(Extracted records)
::::
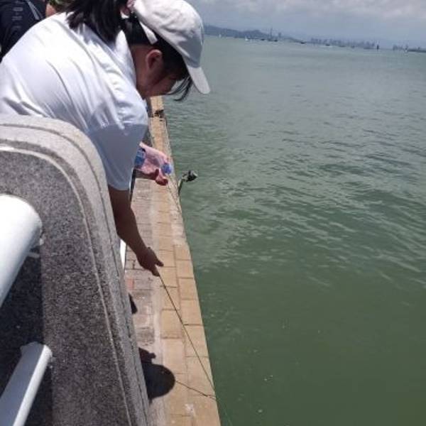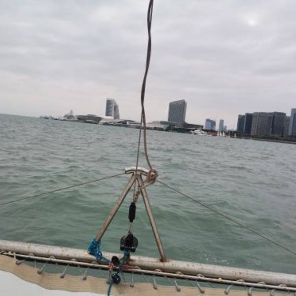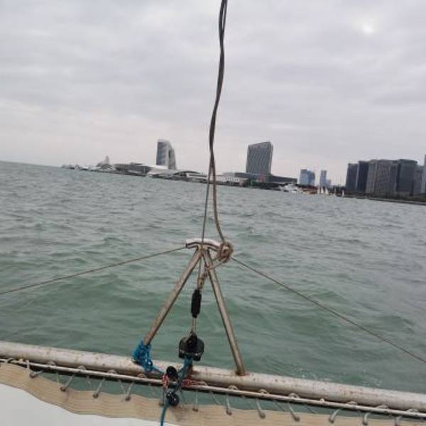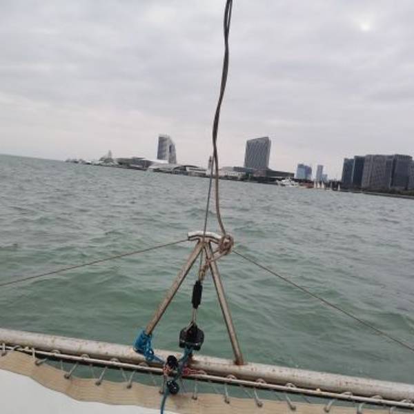 他们有专车接送,挺方便的,工作人员服务态度非常好。车子开到了码头,就看到他们公司好多游艇帆船整齐的停泊在码头上,他们也有接婚纱摄影的新人来拍摄。因为我们是坐帆船,在候船区等候了五分钟左右,航班开始,工作人员带领我们有序的登船,因为有边防站点,所以大家要记得带身份证才能坐船。未满13周岁的小孩不用身份证,超过但不满16周岁需要户口本(有身份证也可以)。上船前要穿救生衣,船上工作人员也很热情,耐心讲解周边的风景,幽默风趣,一路有说有笑。在海上风很大,船长驾驶技术娴熟,船速8节,因为是夏天,有人提议玩湿身,大家更加跃跃欲试,船长让大家做好,手抓好栏杆,把前帆升起,主帆打直,在那边熟练的调整绳子,船帆吃风,船身一下就倾斜一边,大家开始欢呼尖叫。船长讲解说大家不必担心,帆船是海上的”不倒翁“,船重心很低,不会倾覆。平时我们是在岸边看大海,在海上看陆地又是另一番美景。具体路线是:五缘湾码头港→五缘湾大桥→眺望鳄鱼岛→眺望对金门小三通码头→眺望五通灯塔→眺望大金门→返航。一次旅行,一次心情;一次旅行,一次蜕变。帆船出海,下次还是找这家。
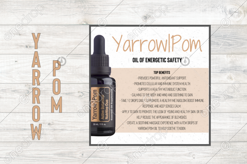 Square infographic with benefits & usage tips of Yarrow|Pom Essential Oil.
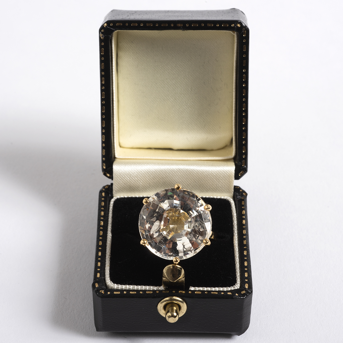 Our phenomenal and large 17.6ct sapphire solitaire ring is fitted to a 18k white gold mount, is a natural colourless stone, and comes with a certificate noting the above characteristics of the sapphire.
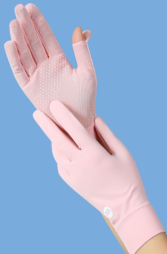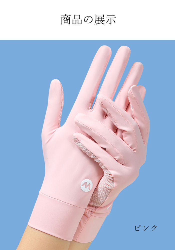 【接触冷感・暑い日にうれしい】ひんやりしていて春夏秋に最適した手袋 レディースです。アイスシルク製の生地は、ソフトで通気性に優れているだけでなく、シワになりにくく、何度でも洗濯できます。また、水や汗で濡れると気化熱の作用により冷却効果があり、タッチすると涼しい感じがします。吸湿・吸汗が優れているので、夏には蒸れにくく肌に優しいです。
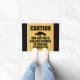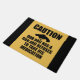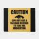 A silhouette of a handgun and the phrase "Caution, our dog has a gun and refuses to take his medication"
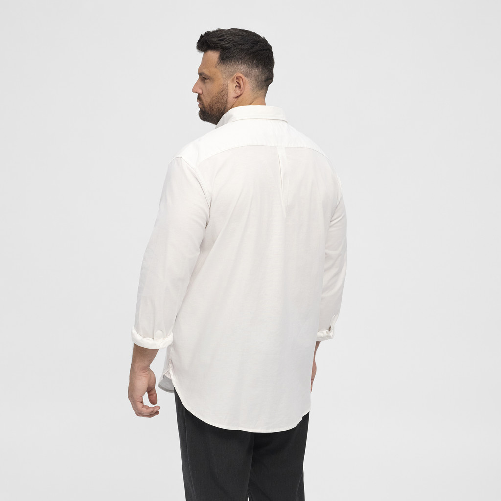 Ein Oxford-Hemd mit langen Ärmeln in Weiß von der Marke North Latitude. Das Hemd hat eine Brusttasche auf der linken Seite und Button-Down-Knöpfe im Kragen.
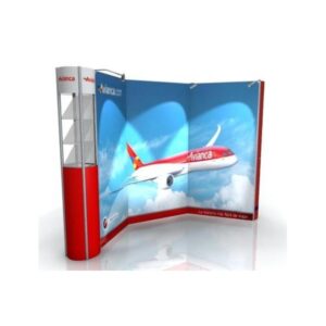 Descripción: Soporte metálico con ensamblaje manual para soportar gráficos en laminas plásticas, porta folletos anexo empacado en tula de lona
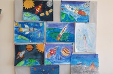 Ребята устроили выставку своих рисунков, посвященных космической теме.
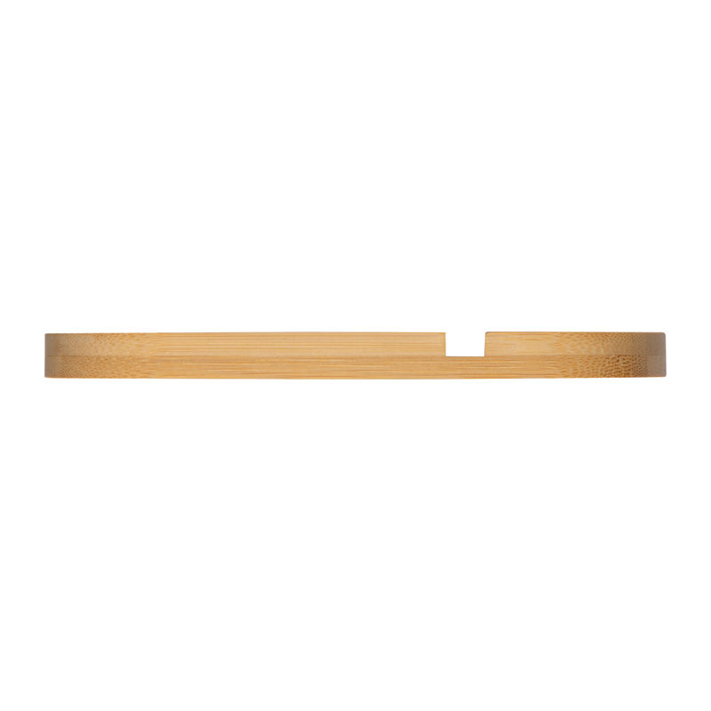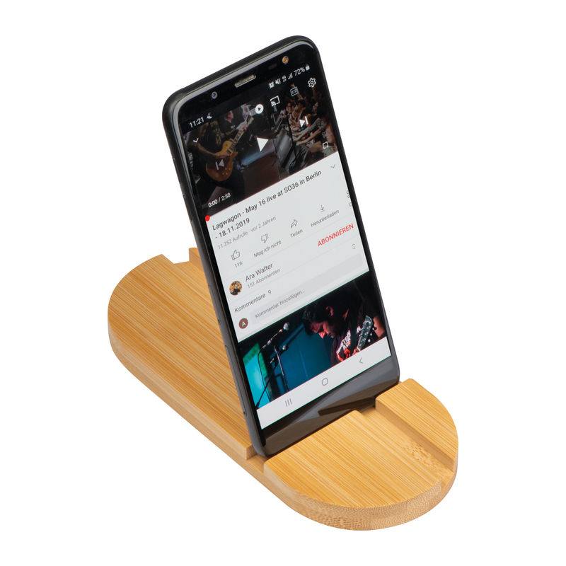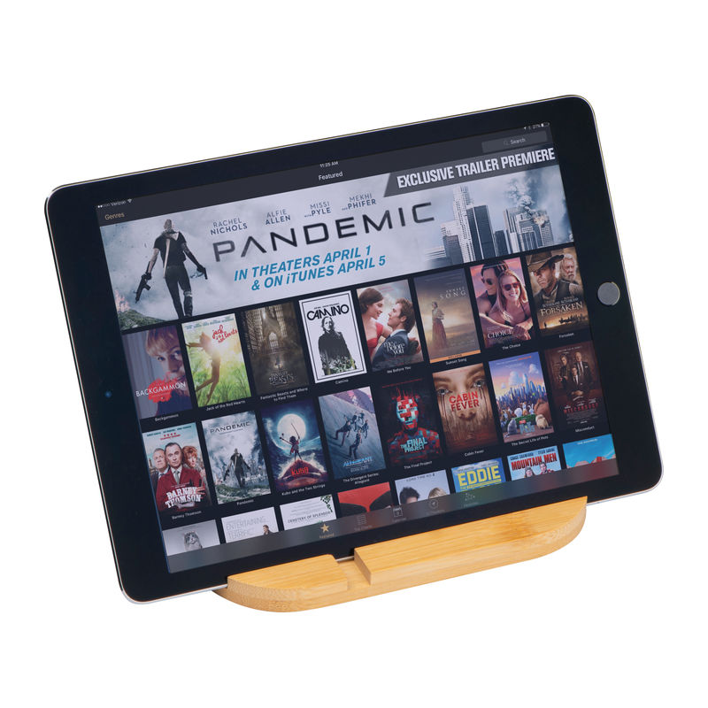 Bamboo tablet and smartphone holder, provides a safe hold for the desk or on the go. Your logo will be engraved on the holder.
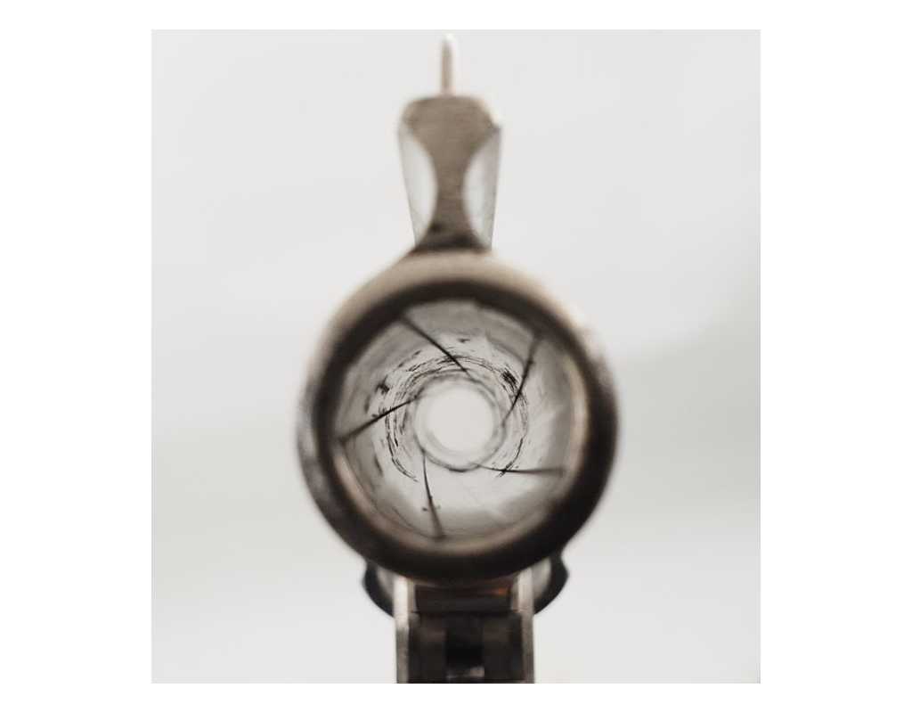 Revolver Smith & Wesson Safety 3è modèle en double action 5 coups calibre 38 S&W numéroté 91372 produit de 1890 à 1898. Nickelage d'origine encore bien présent, pontet bronzé, détente jaspée. Mécanisme complet et fonctionnel sans aucun jeu, toutes pièces d'origine au même numéro. Canon de 3 pouces 1/4 (8cm) à rayures brillantes avec légère usure et taches. Belles plaquettes de crosse en gutta-percha noire.
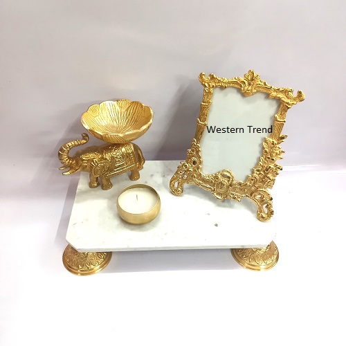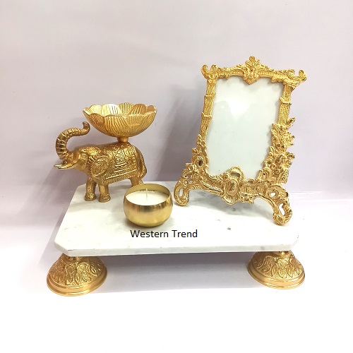Chowki Combo Set with Gold Elephant & Photo Frame and Candle, Marble Chowki Combo Set with Diya and Photo Frame and Elephant, Candle T-Light, Hamper Gifts Set, Combo Set, Pooja Décor
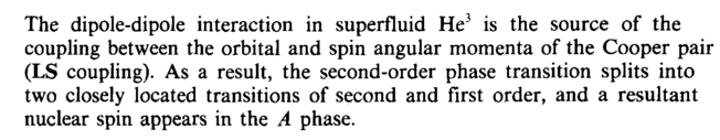 The dipole-dipole interaction in superfluid He3 is the source of the coupling between the orbital and spin angular momenta of the Cooper pair (LS coupling). As a result, the second-order phase transition splits into two closely located transitions of second and first order, and a resultant nuclear spin appears in the Λ phase.
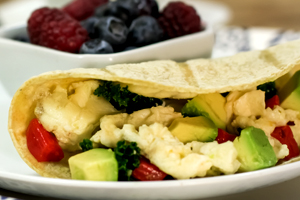 Halve eggs, placing a portion on each tortilla; top each with a portion of kale, roasted pepper and diced avocado and squeeze with a little more lemon juice. Fold and serve.
::::
*Work required*
Leave out every picture and copy the rest of the records exactly.

*Task response*
 他们有专车接送,挺方便的,工作人员服务态度非常好。车子开到了码头,就看到他们公司好多游艇帆船整齐的停泊在码头上,他们也有接婚纱摄影的新人来拍摄。因为我们是坐帆船,在候船区等候了五分钟左右,航班开始,工作人员带领我们有序的登船,因为有边防站点,所以大家要记得带身份证才能坐船。未满13周岁的小孩不用身份证,超过但不满16周岁需要户口本(有身份证也可以)。上船前要穿救生衣,船上工作人员也很热情,耐心讲解周边的风景,幽默风趣,一路有说有笑。在海上风很大,船长驾驶技术娴熟,船速8节,因为是夏天,有人提议玩湿身,大家更加跃跃欲试,船长让大家做好,手抓好栏杆,把前帆升起,主帆打直,在那边熟练的调整绳子,船帆吃风,船身一下就倾斜一边,大家开始欢呼尖叫。船长讲解说大家不必担心,帆船是海上的”不倒翁“,船重心很低,不会倾覆。平时我们是在岸边看大海,在海上看陆地又是另一番美景。具体路线是:五缘湾码头港→五缘湾大桥→眺望鳄鱼岛→眺望对金门小三通码头→眺望五通灯塔→眺望大金门→返航。一次旅行,一次心情;一次旅行,一次蜕变。帆船出海,下次还是找这家。
 Square infographic with benefits & usage tips of Yarrow|Pom Essential Oil.
 Our phenomenal and large 17.6ct sapphire solitaire ring is fitted to a 18k white gold mount, is a natural colourless stone, and comes with a certificate noting the above characteristics of the sapphire.
 【接触冷感・暑い日にうれしい】ひんやりしていて春夏秋に最適した手袋 レディースです。アイスシルク製の生地は、ソフトで通気性に優れているだけでなく、シワになりにくく、何度でも洗濯できます。また、水や汗で濡れると気化熱の作用により冷却効果があり、タッチすると涼しい感じがします。吸湿・吸汗が優れているので、夏には蒸れにくく肌に優しいです。
 A silhouette of a handgun and the phrase "Caution, our dog has a gun and refuses to take his medication"
 Ein Oxford-Hemd mit langen Ärmeln in Weiß von der Marke North Latitude. Das Hemd hat eine Brusttasche auf der linken Seite und Button-Down-Knöpfe im Kragen.
 Descripción: Soporte metálico con ensamblaje manual para soportar gráficos en laminas plásticas, porta folletos anexo empacado en tula de lona
 Ребята устроили выставку своих рисунков, посвященных космической теме.
 Bamboo tablet and smartphone holder, provides a safe hold for the desk or on the go. Your logo will be engraved on the holder.
 Revolver Smith & Wesson Safety 3è modèle en double action 5 coups calibre 38 S&W numéroté 91372 produit de 1890 à 1898. Nickelage d'origine encore bien présent, pontet bronzé, détente jaspée. Mécanisme complet et fonctionnel sans aucun jeu, toutes pièces d'origine au même numéro. Canon de 3 pouces 1/4 (8cm) à rayures brillantes avec légère usure et taches. Belles plaquettes de crosse en gutta-percha noire.
Chowki Combo Set with Gold Elephant & Photo Frame and Candle, Marble Chowki Combo Set with Diya and Photo Frame and Elephant, Candle T-Light, Hamper Gifts Set, Combo Set, Pooja Décor
 The dipole-dipole interaction in superfluid He3 is the source of the coupling between the orbital and spin angular momenta of the Cooper pair (LS coupling). As a result, the second-order phase transition splits into two closely located transitions of second and first order, and a resultant nuclear spin appears in the Λ phase.
 Halve eggs, placing a portion on each tortilla; top each with a portion of kale, roasted pepper and diced avocado and squeeze with a little more lemon juice. Fold and serve.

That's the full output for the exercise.